[web-devel] Sql join feature in persistent
michael at snoyman.com
Thu Feb 24 07:07:54 CET 2011
I would imagine that Max is saying he'd like to see some built-in
functions that automate the forkIO/mvar/tvar code, the same way we are
discussing automating the join code. Am I right?
On Wed, Feb 23, 2011 at 4:25 PM, Greg Weber <greg at gregweber.info> wrote:
> What is stopping you from using forkIO and a mvar/tvar now?
> If all the use cases could be thought through, parallel queries might be
> able to be implemented transparently. But what if you don't want parallel
> queries- then we end up with a leaky abstraction where you expected a
> previous query to have already executed.

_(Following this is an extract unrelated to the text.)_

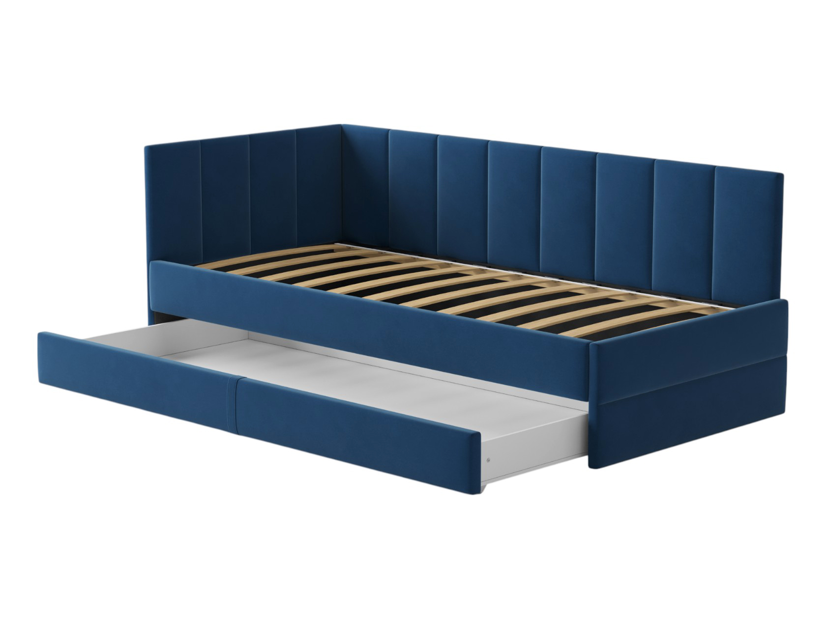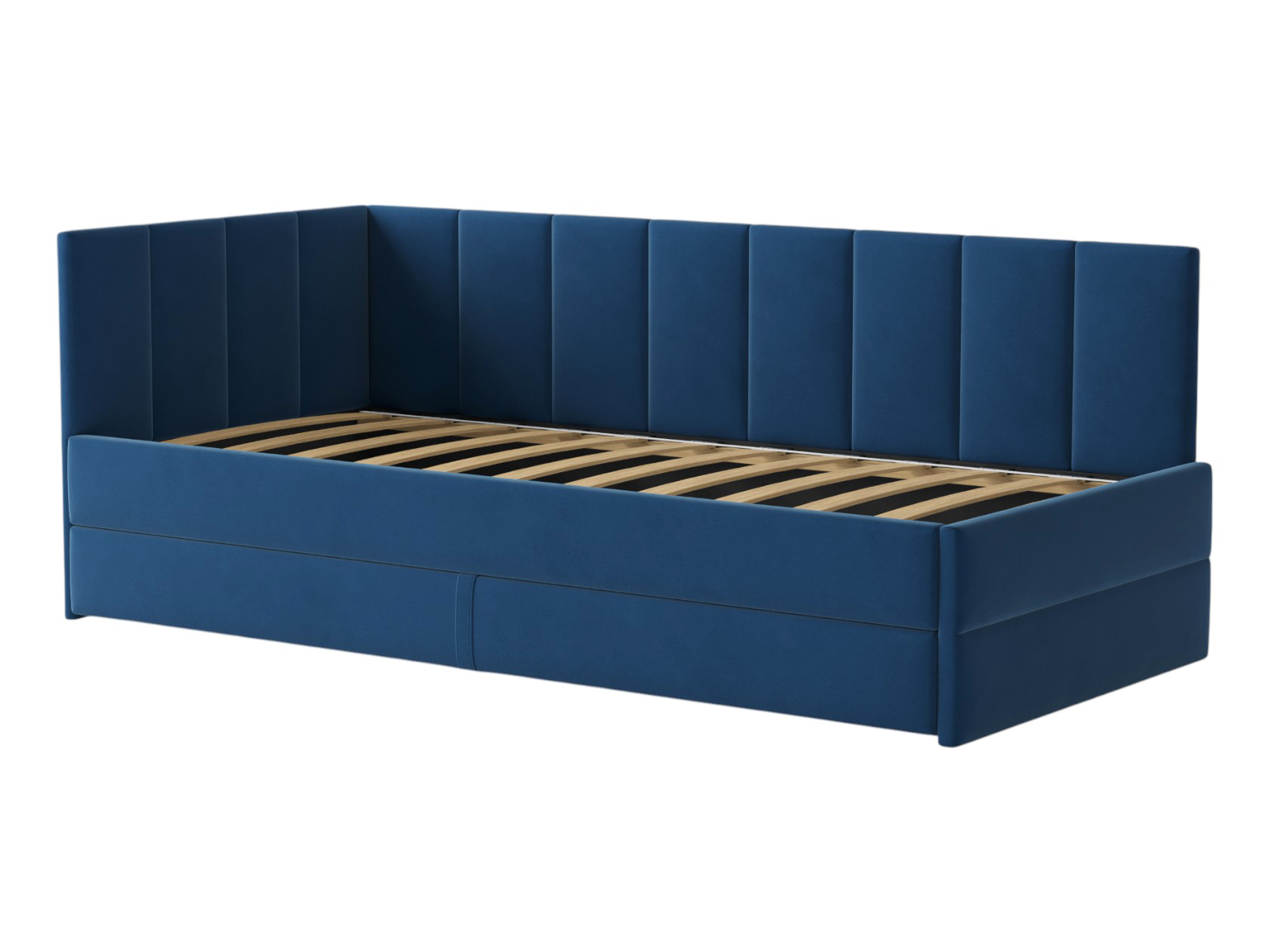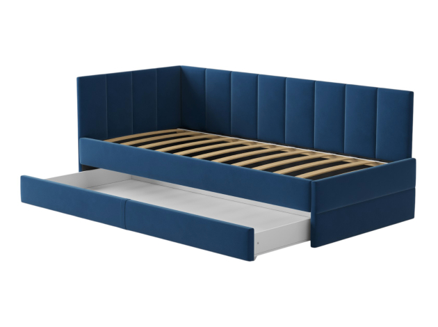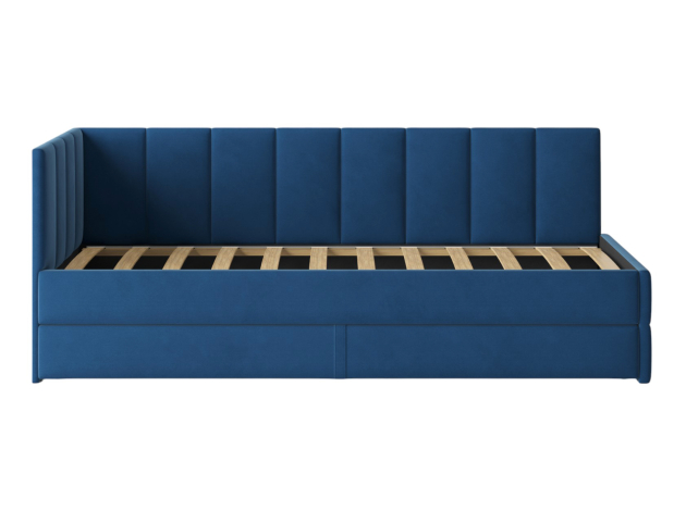 Тахта Астра позволит обустроить уютное место для сна, которое будет актуально смотреться в любом интерьере. Мягкая обивка приятна на ощупь и создает дополнительные безопасность и комфорт. Спинка украшена декоративной строчкой. Основание с ламелями обеспечивает приток воздуха к матрасу. Выкатной ящик на роликовых опорах поможет аккуратно хранить постельные принадлежности.

> On Tue, Feb 22, 2011 at 8:42 AM, Max Cantor <mxcantor at gmail.com> wrote:
>> parallel queries would be helpful too.
>> say i need to load independent data from 3 tables. now that has 3
>> roundtrips of latency to the DB. if there was a simple way to forkIO
>> PersistentBackend functions and dump the value in an mvar, it might help.
>> would anyone else be interested in this?
>> On Feb 22, 2011, at 11:53 PM, Michael Snoyman wrote:
>> > Max: Let's address your desire for sharding in a separate thread: I
>> > think it's a good idea, and it's a feature I would like to implement.
>> > I also think that your approach seems fairly feasible and not too
>> > disruptive. I want to make sure that introducing sharding code doesn't
>> > negatively affect users not taking advantage of it.
>> > As for joins (and other relational features): we should definitely add
>> > some helpers to Persistent. The main questions are:
>> > * What should their type signatures be?
>> > * Should we offer optimizations for the SQL backends to use proper
>> > JOINs?
>> > For the first, I think we still need to clarify a bit. Anton's code is
>> > a good start, but it certainly won't be amenable to SQL-backend
>> > optimizations. And I think we *should* strive to produce some
>> > efficient SQL code, though I want to avoid pouring too much effort
>> > into such an endeavor. Perhaps if we can write some code to handle the
>> > most common cases (eg, a 1-to-many relation between two tables) we'll
>> > be adhering well to the 80/80 rule.
>> > My ideal would be having some nice high-level functions that handle
>> > joins, optimize those to proper SQL joins where possible, and for
>> > backends where that is not possible simply do the join logic in
>> > Haskell.
>> > I definitely won't have time to get started on this coding for the
>> > next few weeks, but if anyone is interested in trying to implement any
>> > of the features under discussion, let me know, and I'll be happy to
>> > offer any assistance/code review I can.
>> > Michael
>> > On Tue, Feb 22, 2011 at 4:39 PM, Greg Weber <greg at gregweber.info> wrote:
>> >> The basic Persistent backend is designed without joins ("web-scale"),
>> >> and
>> >> with the idea that it should be SQL agnostic. App-level join
>> >> functionality
>> >> is definitely needed.
>> >> If someone wanted to design a layer on top of it with other SQL
>> >> features
>> >> that just the SQL backends can use that is fine. However, this might
>> >> start
>> >> re-inventing the wheel. For those interested in SQL joins and otherwise
>> >> advanced SQL queries, it would be great if they started trying out a
>> >> better
>> >> tool for the job, like the recently released DSH  or (bitrotting?)
>> >> HaskellDB. Relational Algebra sql query libraries can be very
>> >> productive to
>> >> use for 95% of use cases, even if they aren't "web-scale".